EXERCISE DETAILS -
For the material below, reproduce exactly each line from the one that has "Offer you now" through the one that has "Самые мощные нейросети", and no others; pictures stay out.

PROVIDED INFORMATION -
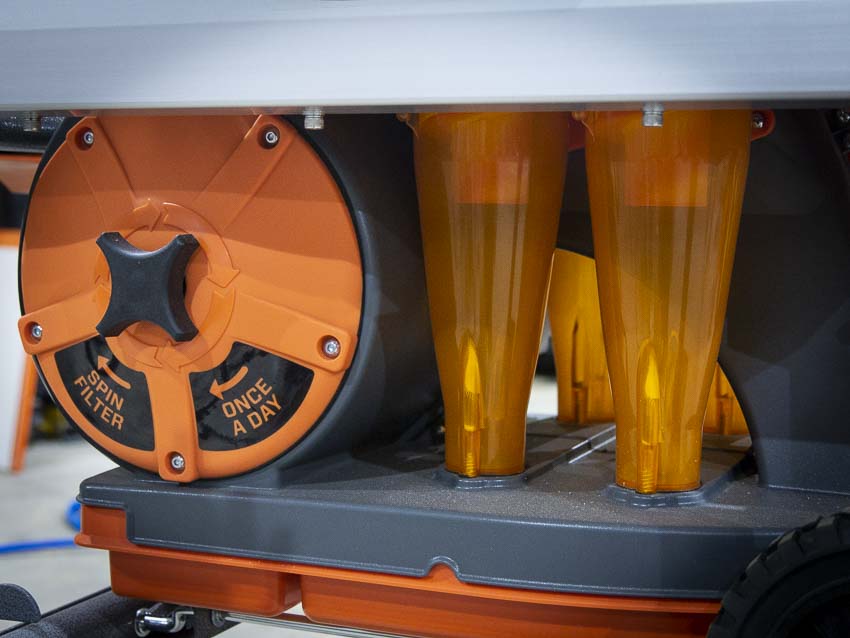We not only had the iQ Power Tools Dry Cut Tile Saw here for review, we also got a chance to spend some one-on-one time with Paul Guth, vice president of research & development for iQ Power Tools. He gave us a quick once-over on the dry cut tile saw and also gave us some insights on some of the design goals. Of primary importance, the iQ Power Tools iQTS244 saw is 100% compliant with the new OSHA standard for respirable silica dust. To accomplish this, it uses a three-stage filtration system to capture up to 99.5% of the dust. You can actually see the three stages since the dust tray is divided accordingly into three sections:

---

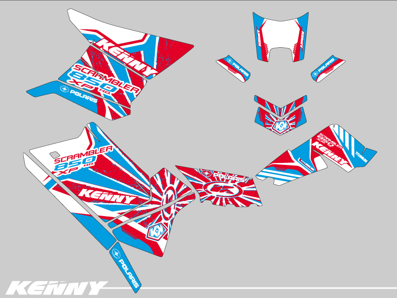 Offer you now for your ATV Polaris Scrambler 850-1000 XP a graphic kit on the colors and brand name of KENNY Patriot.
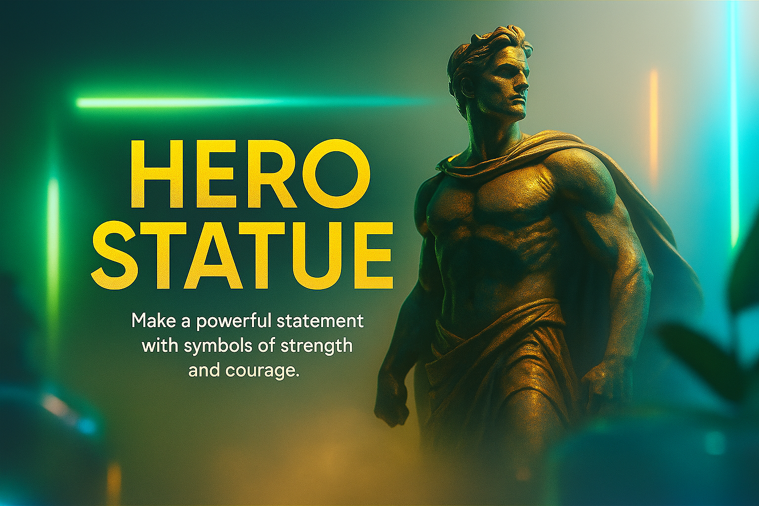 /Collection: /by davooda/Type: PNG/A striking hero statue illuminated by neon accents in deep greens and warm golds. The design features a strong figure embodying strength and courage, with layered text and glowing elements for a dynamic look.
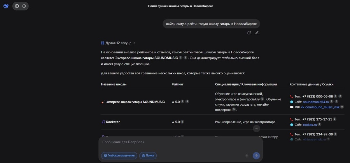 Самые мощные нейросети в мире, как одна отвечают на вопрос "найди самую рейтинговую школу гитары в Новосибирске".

ANSWER TO THE PROBLEM -
 Offer you now for your ATV Polaris Scrambler 850-1000 XP a graphic kit on the colors and brand name of KENNY Patriot.
 /Collection: /by davooda/Type: PNG/A striking hero statue illuminated by neon accents in deep greens and warm golds. The design features a strong figure embodying strength and courage, with layered text and glowing elements for a dynamic look.
 Самые мощные нейросети в мире, как одна отвечают на вопрос "найди самую рейтинговую школу гитары в Новосибирске".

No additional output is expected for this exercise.